Why Surface Information Could Matter

Humans often identify objects using more than shape and distance. We recognize differences between metal, glass, fabric and other materials through visual cues and experience. Machines typically require dedicated sensors or software analysis to make similar distinctions.

The ability to gather material-related information directly through lidar could potentially help robotic systems interpret their surroundings more effectively. In industrial settings, that information might assist with sorting, inspection or navigation tasks. In research environments, it could provide additional data for machine perception systems.

The researchers have not claimed that the technology automatically identifies every material or solves broader challenges in machine perception. Rather, the work demonstrates a new way to collect additional information during the sensing process.

What Remains Before Real-World Deployment

As with many laboratory advances, there is a difference between demonstrating a concept and deploying it at scale. The available reports describe a research achievement, not a finished commercial product.

Several questions remain unanswered. Researchers will need to evaluate how the system performs under different environmental conditions, how reliably it works outside controlled settings and how easily it can be integrated into existing robotic platforms.

Cost, durability, processing requirements and long-term reliability are also important considerations. Many promising sensing technologies require years of additional testing and engineering before they become common in commercial products.

What Readers Should Watch Next

Future research will likely focus on refining the system, testing it in more complex environments and determining where its additional sensing capabilities provide the greatest practical benefit. Engineers and robotics researchers will also be interested in how the technology compares with existing sensing approaches.

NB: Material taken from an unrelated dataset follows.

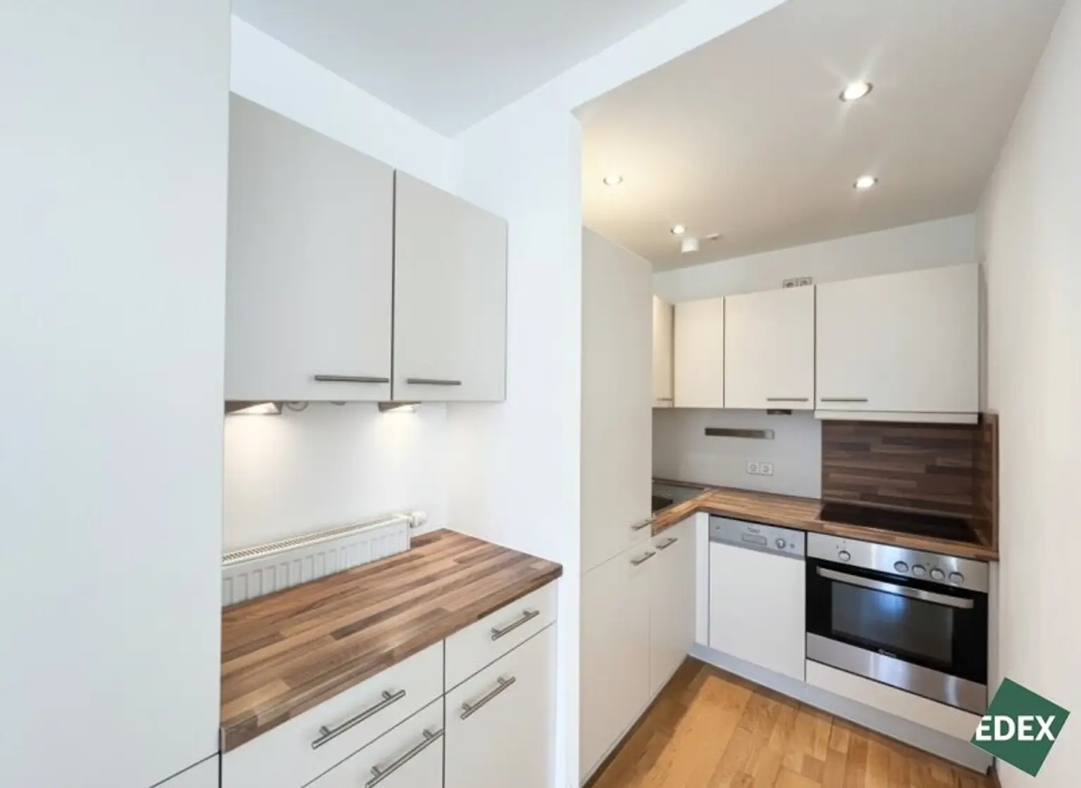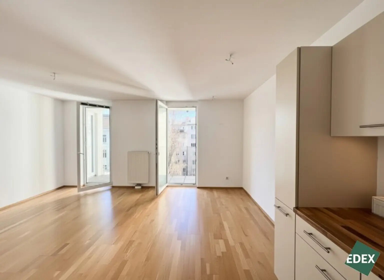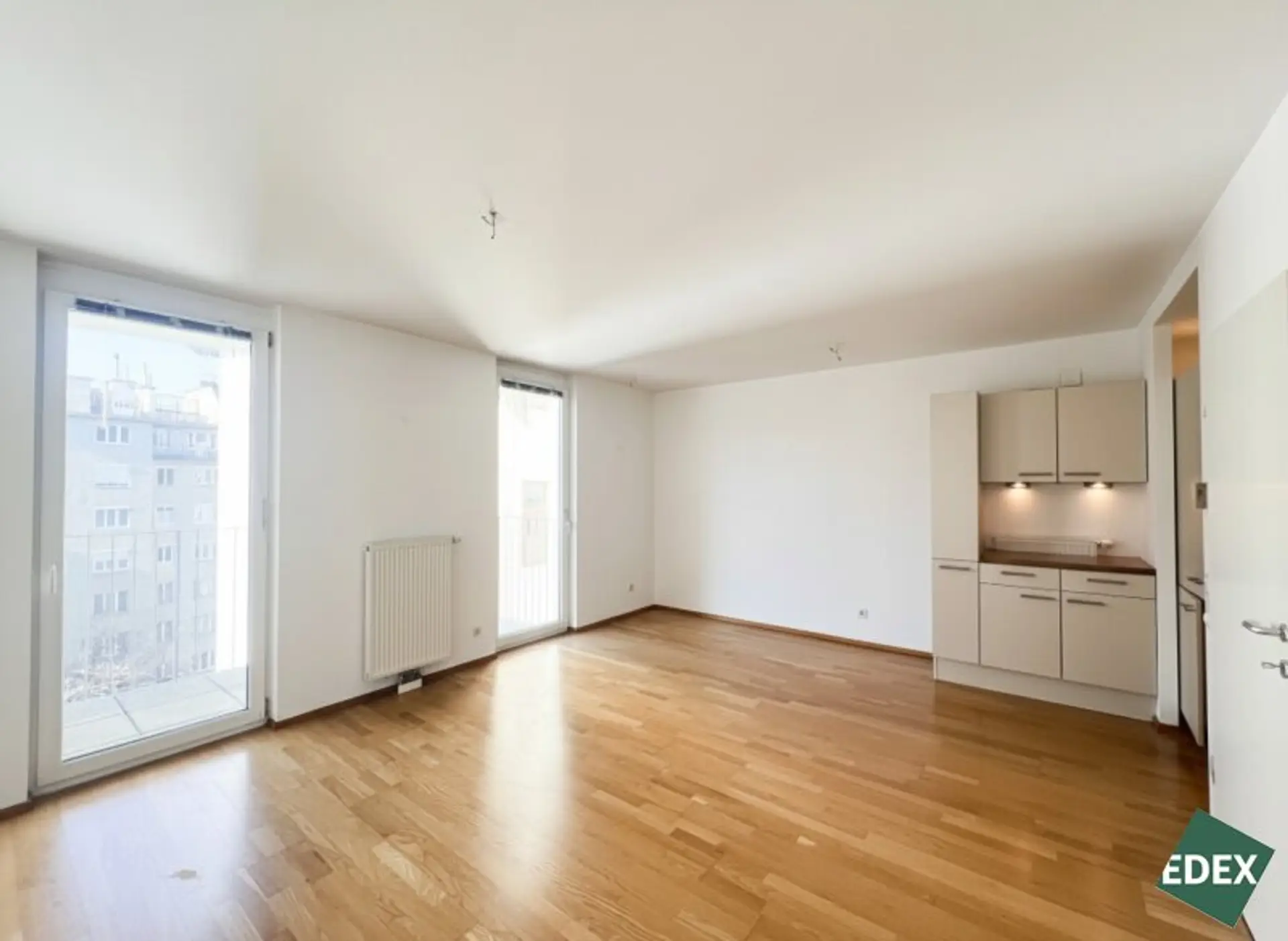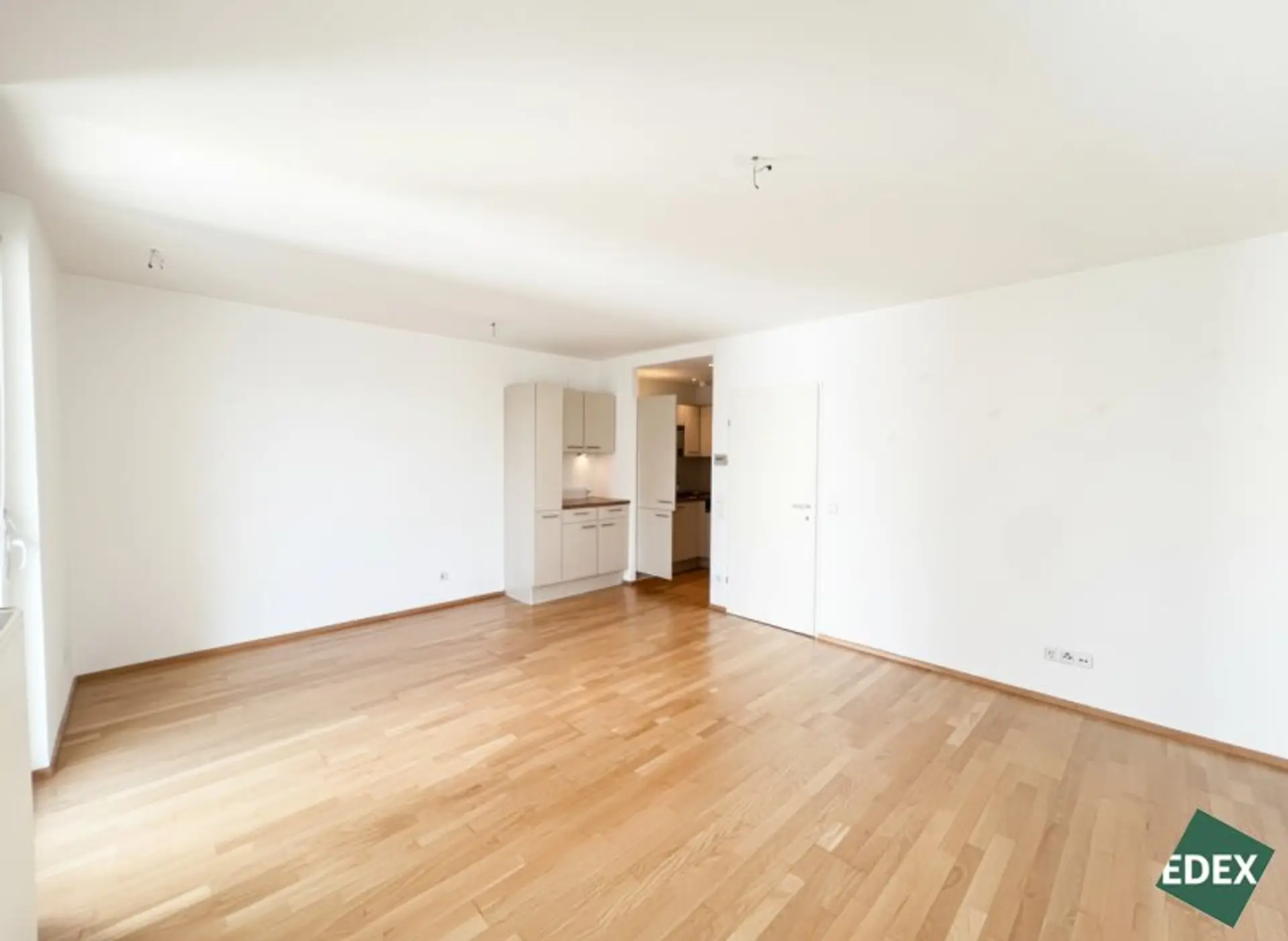 Über den zentral gelegenen Vorraum sind sämtliche Räume bequem begehbar. Das helle Wohn- und Esszimmer mit integrierter Kochnische und ausgestatteter Küche bildet das Herzstück der Wohnung und bietet direkten Zugang zum ca. 6 m² großen Balkon – ideal für entspannte Stunden im Freien. Das Schlafzimmer ist ebenfalls zentral vom Vorraum aus erreichbar und hat einen Zugang auf den Balkon.

For now, the development is best viewed as an example of how machine perception continues to evolve. The advance does not mean robots suddenly understand the world the way humans do. It does suggest that researchers are finding new ways to help machines gather more information about the environments around them, potentially expanding what future robotic systems can perceive and interpret.

Reporting note: Reporting draws on Optica research, TechXplore coverage, EurekAlert materials, and reviewed background reporting. This article was produced with AI-assisted research and reviewed by an editor before publication.